Fall into line türkçesi Fall into line nedir

  • Sıraya girmek.
  • -'ın bir parçası olmak.
  • Sıra veya kuyruk oluşturmak.
  • Katılmak.

Fall into line ingilizcede ne demek, Fall into line nerede nasıl kullanılır?

Fall : Azalmak. Oturmak (laf). Devrilmek. Başlamak. Gece çökmek. Yağmak. Düşüş. Ölmek. Çökmek. Düşme.

Into : Şekline. Ye. Biçimine. -in içine. -e. -a. E. Haline. İçine. İçeriye.

Line : Sıra. Oyun alanını bölen, sınırlayan ve belirleyen boyadan şeritlere verilen ad. Düzdizim çizgisi. Doldurmak. Astarlamak. Oyun alanını bölen, sınırlayan, belirleyen boyadan şerit. Tarayıcı elektron demetinin yatay tarama sırasında soldan sağa bir gidişinde oluşturduğu çizgi. Tenis, futbol, bilgisayar, bilişim, masa tenisi, sinema, televizyon, voleybol alanlarında kullanılır. Çizgi. Özellikle pelajik balıkların avlanmasında kullanılan, yemli 2-7 iğneden oluşan olta takımı.

Fall into line with : - ile uyumlu olmak. Başkalarının düşüncelerini kabul etmek. Bir araya gelmek. Başkalarının izinden gitmek. Aynı görüşte olmak. Aynı düşüncede olmak. Kavuşmak. Uzlaşmak. Aynı şekilde hareket etmek. Belirli bir hareket tarzına razı olmak.
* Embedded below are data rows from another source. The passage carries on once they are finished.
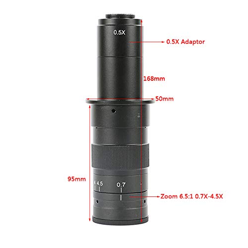 180X C-MOUNT-Objektiv: Arbeitsabstand: 100 mm Zoom-C-Mount-Objektiv 0,5X C-Mount-Adapterzoom-Verhältnisse: 6,5: 1 Objektive Vergrößerungsstärke um 0,7 – 4,5X (ca. 10 – 180X uff dem Strafanzeige) Größe: 180 mm (L) * 50 mm ( DIA) Gewicht: 500 g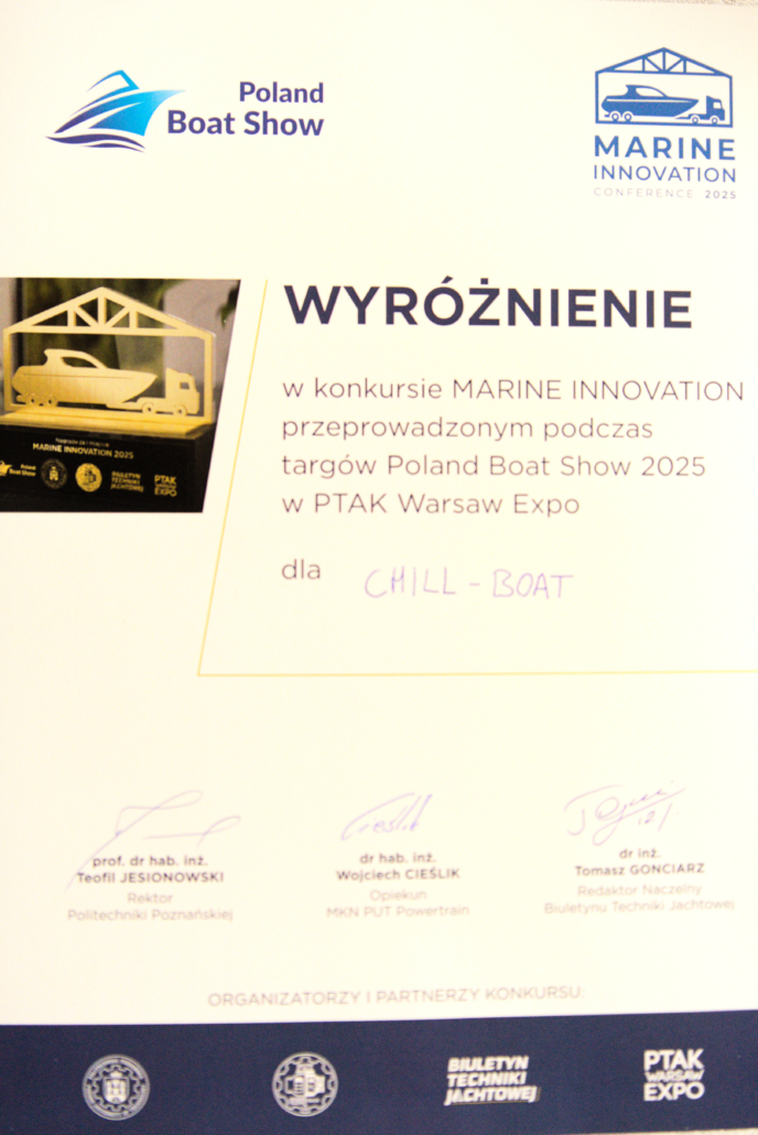 Katamaran elektryczny Chill-Boat Trio zajął pierwsze miejsce w kategorii innowacje podczas VII Mazurskich Targów Sportów Wodnych Giżycko 2014.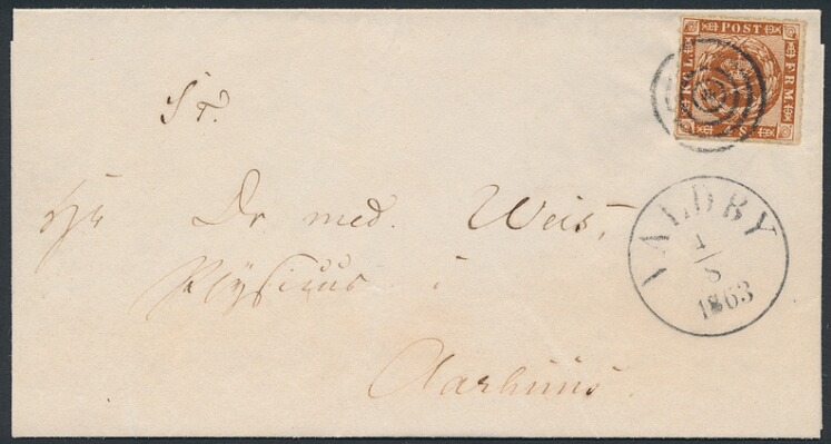 1863. 4 sk. Brown. SUPERB cover with MUTE CANC. Cert. Møller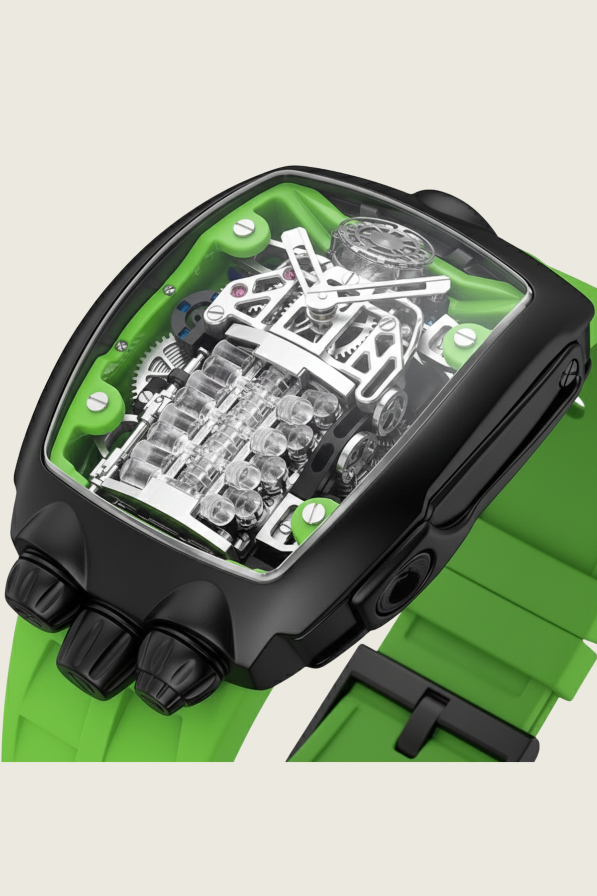 Viper Engine Neon Green with Black Dial | Tonneau Skeleton Automatic Engine Edition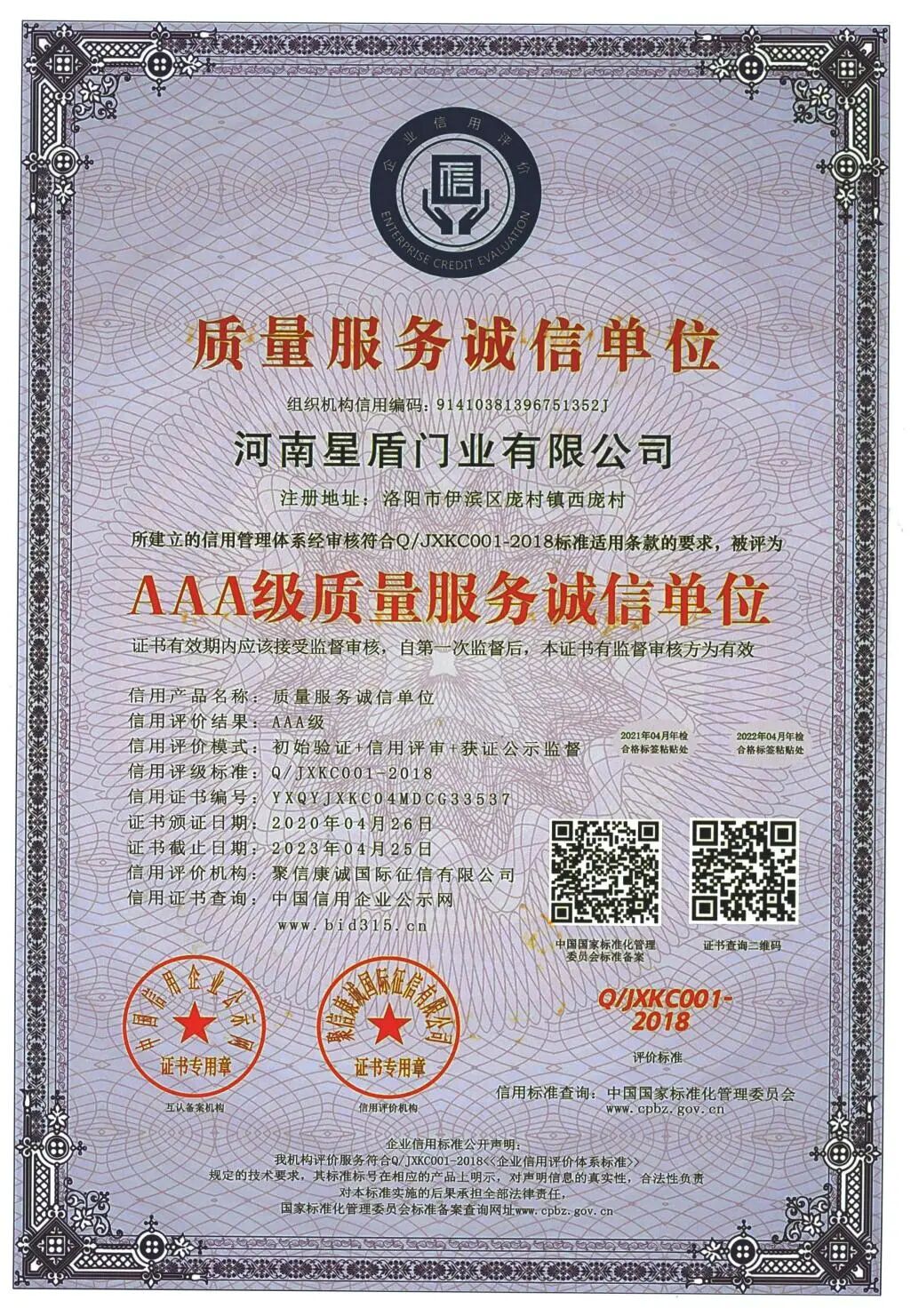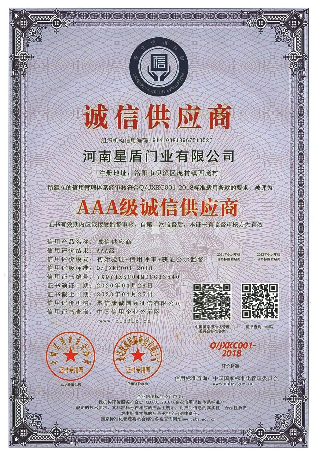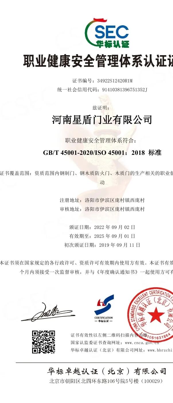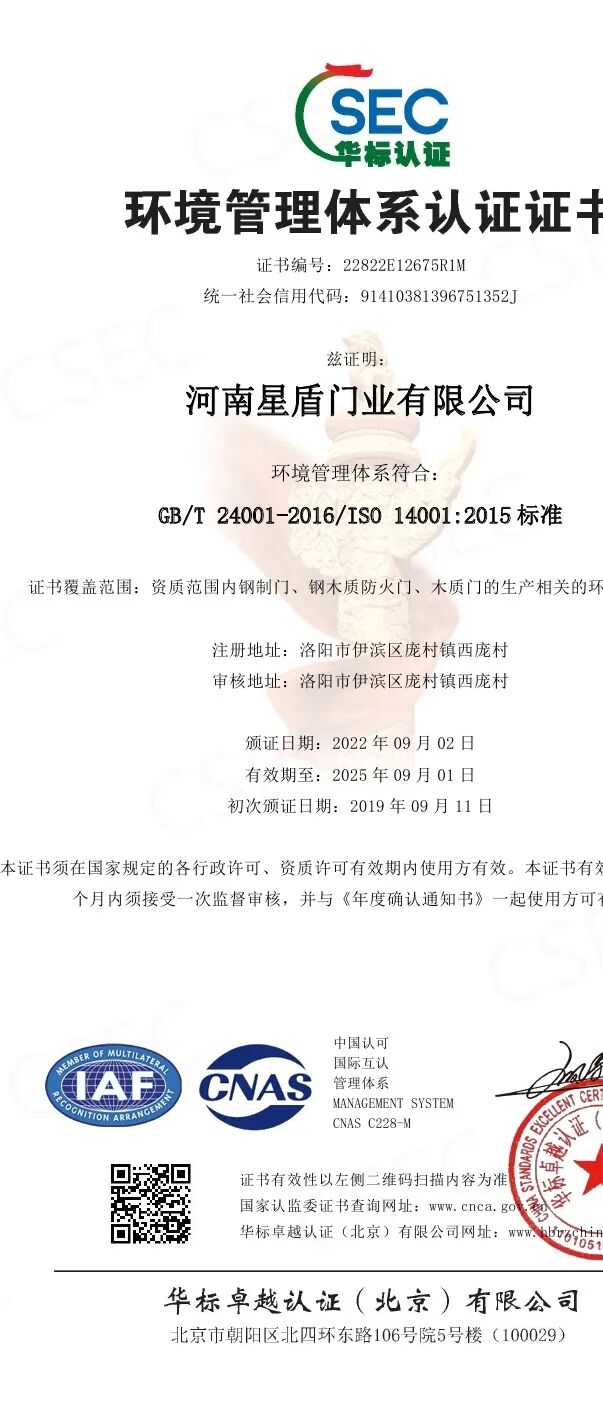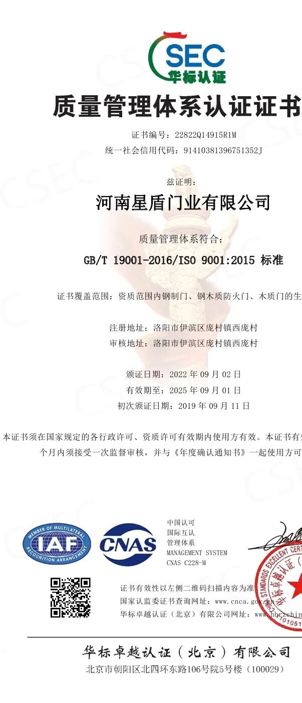 河南星盾门业有限公司在2003年已通过公安部消防产品合格评定中心认证,十多年来一直从事防火门产品的生产和研发,现已通过ISO 9001:2015质量管理体系认证、 ISO14001:2015环境管理体系认证和GB/T45001-2020/ISO 45001:2018职业健康安全管理体系认证。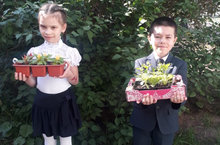 Ученики 1Б класса Беляков Амир и Давыдова Аделя приняли участие в озеленение пришкольного участка!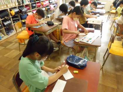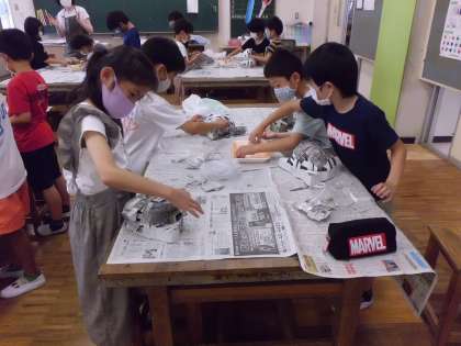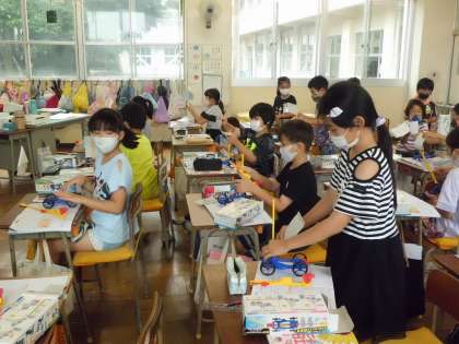上:理科で、13mを越えるように風を受けて走る車を作っています。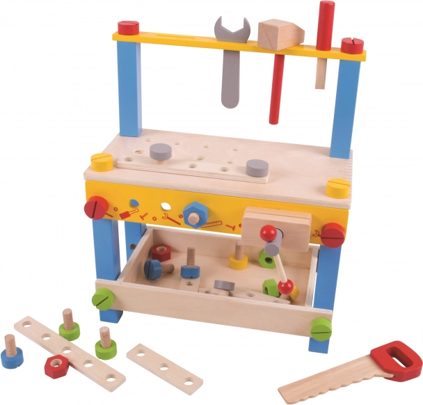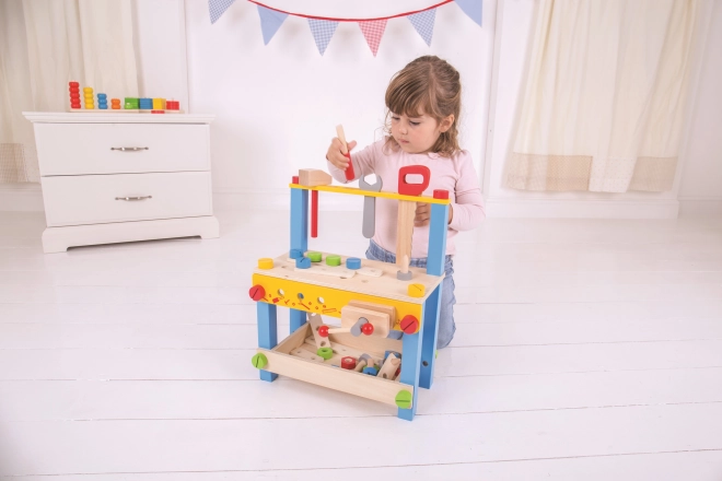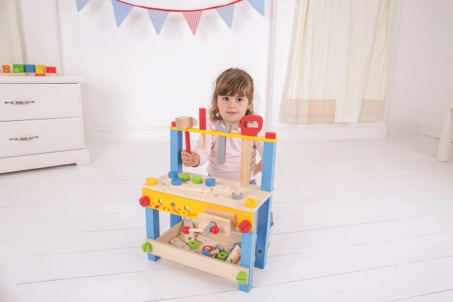 Deze kleurrijke houten werkbank van BIGJIGS TOYS is een geweldige start in de wereld van gereedschap. Dankzij realistische elementen en veilige houten tools oefenen kinderen praktische vaardigheden en leren ze de basisprincipes van het werken met gereedschap – op een speelse en veilige manier.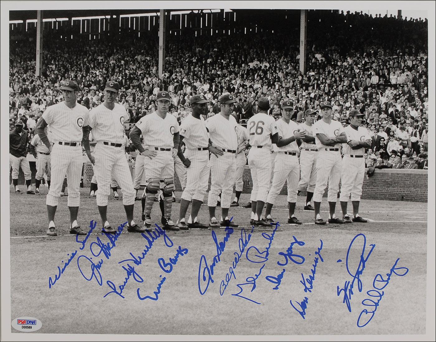 Satin-finish 14 x 11 photo of Leo Durocher and the 1969 Chicago Cubs on opening day, signed in blue felt tip by Ernie Banks, Billy Williams, Fergie Jenkins, Ron Santo, Don Young, Randy Hundley, Don Kessinger, Glenn Beckert, Jim Hickman, Willie Smith, and Phil Regan. In fine condition, with a PSA/DNA authentication label affixed to photo.
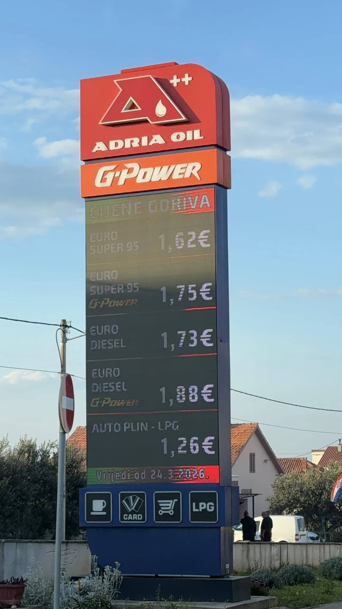 Fotografije s terena potvrđuju primjenu novih mjera prema kojima litra osnovnog eurosupera 95 na svim navedenim postajama iznosi 1,62 eura, dok osnovni eurodizel košta 1,73 eura. Na postaji Tri Bartola zabilježena je regulirana cijena plavog dizela od 1,19 eura po litri. Razlike se bilježe kod autoplina (LPG) koji na Shellu košta 1,12 eura, kod Tri Bartola 1,24 eura, dok ga Petrol i Adria Oil prodaju za 1,26 eura po litri.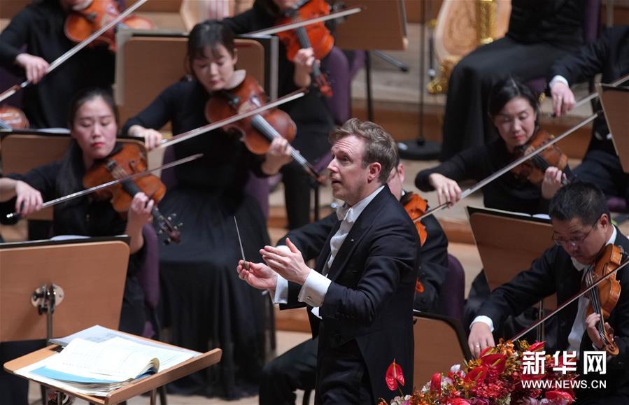2019年12月31日,丹尼爾·哈丁在上海交響樂團音樂廳指揮“2020上海新年音樂會”。新華社記者 任瓏 攝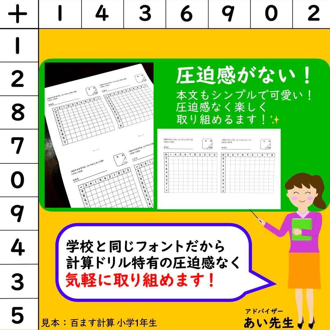 2年生のうちにクリアしておきたい掛け算や繰り上がりのある足し算、繰り下がりのある引き算を100ます計算でしっかりサポートします!(^^)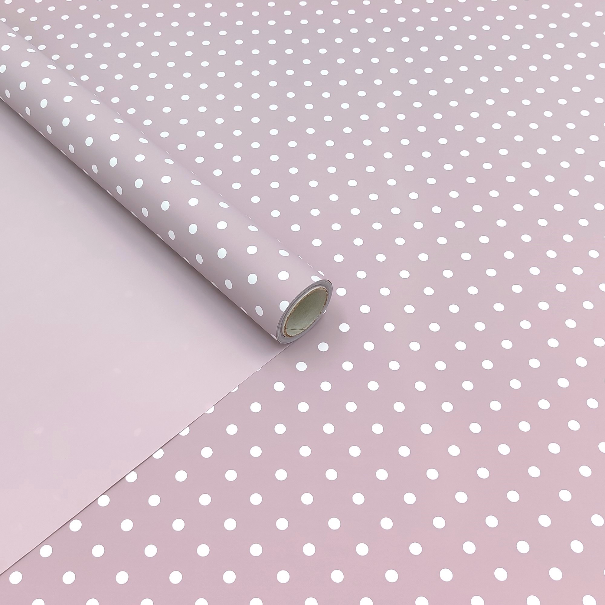 Плёнка матовая "Горошек" 60см*10 ярд 65мкр., пудра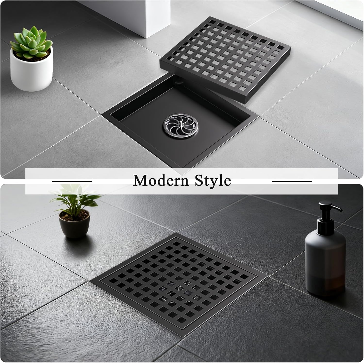 - 【Premium Stainless Steel】 Square black shower drain crafted from durable, high-quality SUS304 stainless steel with a PVC-coated surface that resists peeling. Offers strong corrosion and oxidation resistance for long-lasting, stable performance.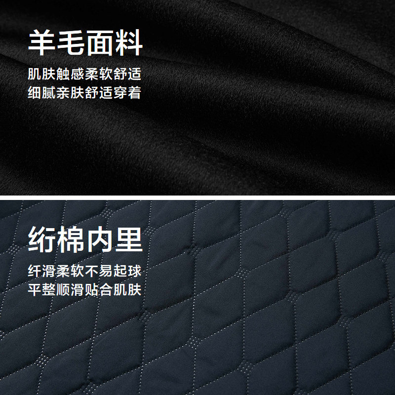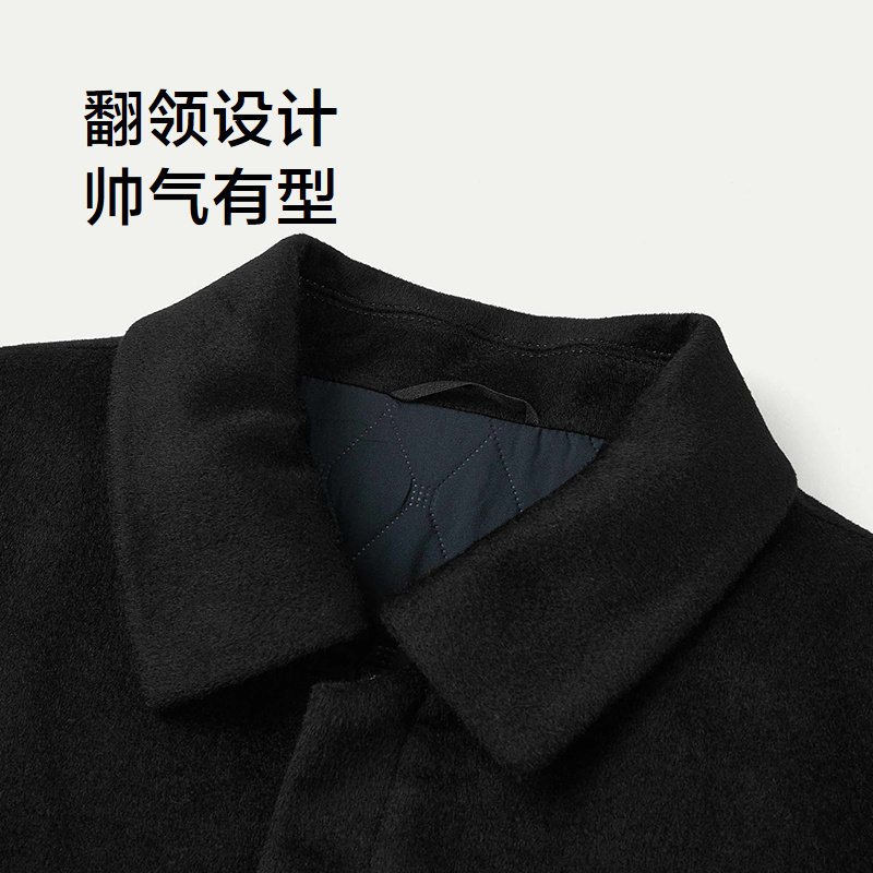 HLA/海澜之家商务纯羊毛翻领行政夹克25秋冬新保暖黑色厚外套男装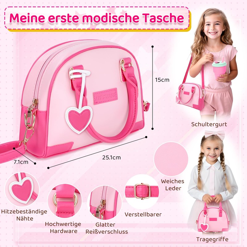 - Stylish children's handbags for girls – the wallet for children girls is made of soft leather. The smooth metal zipper is easy for little fingers to use. Carry handles and a removable and adjustable soft strap that can be worn flexibly as a handbag, shoulder bag or crossbody bag. All girls' toys can be stored in the stylish handbag for toddlers. Children's make-up princess toy for 3 4 5+ year old girls. Prepare this amazing handbag for girls to give your little princess Christmas gifts!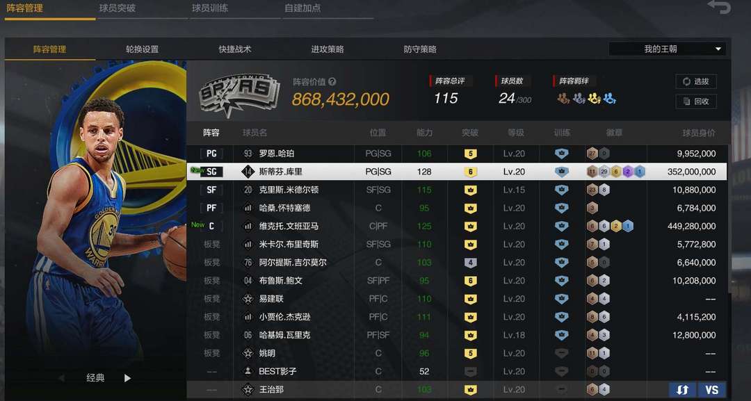 信誉分可排位/6突新陈列室库里/金徽章10突文班亚马/历史巅峰米德尔顿/完美王朝阵容

Fall into : Uğramak. Yer almak. Maruz kalmak. Yeralmak. Akmak. Başlamak (konuşma vb.). Dökülmek. Bölünmek. Edinmek.

Fall into a trap : Tuzağa düşmek. Sakata gelmek. Tuzağa yakalanmak. Çürük tahtaya basmak.

 

Fall into contempt : Aşağılanmak. Gözden düşmek. Hakir görülmek. Hor görülmek.

Fall into desuetude : Yürürlükten kalkmak. Kullanılmamak.

Fall into confusion : Karmakarışık olmak.

Fall into a habit : Huy edinmek. Huy haline gelmek. Alışkanlık edinmek. Adet edinmek. Alışkanlık halini almak. Alışkanlık olmak.

İngilizce Fall into line Türkçe anlamı, Fall into line eş anlamlısı

Sözcükler, direkt olarak Fall into line ile ilgili eş anlamlı kelimeler olmayabilir. Kelime anlamı benzer olan sözcükler olabilirler.

Accedes : Yönetime geçmek. İş başına gelmek. Yerine getirmek. Yanaşmak. Tahta çıkmak. Razı olmak. İktidara gelmek. Uymak. Kabul etmek.

Queue up : Kuyruk olmak. Kuyruğa girmek. Sıra olmak.

Acceding : İktidara gelmek. Kabul etmek. Uymak. Yönetime geçmek. Tahta çıkmak. Razı olmak. Yanaşmak. Yerine getirmek. İş başına gelmek.

Affiliating : Yakınlaşmak. Birleştirmek. Üye olmak. Kabul etmek. Bağlamak. Üyeliğe kabul etmek. Tanımak. Katmak. Evlat edinmek. Üye olarak almak.

Acceded : İş başına gelmek. Tahta çıkmak. Kabul etmek. Yönetime geçmek. İktidara gelmek. Uymak. Yerine getirmek. Yanaşmak. Razı olmak.

Fall in : Sıraya girmek (askeri terim). Kapılmak. Vadesi gelmek. Ödeme zamanı gelmek. Süresi bitmek (kira). Dizilmek. Çökmek. İçine düşmek. Göçmek.

Adhered : Sadık. Bağlı. Yapışık. Bitiştirmek. Bağlı kalmak. Yapışmak. Bağlanmak.

Agree with : Yaramak. Anlaşmak. Aynı görüşte olmak. (alınan karara vb) sıcak yaklaşmak. Hemfikir olmak. Uymak. İyi gelmek. Bağdaşmak. Aynı fikirde olmak.

Cuing : Bilardo sopası. Belirti. Sufle etmek. Son söz. İşaret vermek. İpucu. Fikir. İşaret. Başlama işareti.

Ally oneself : Birleşmek.

Fall into line synonyms : adhere, affiliates, adhering, come into line, adheres, cue, affiliate with, act the part, ally, accede, line up, form a line, affiliate.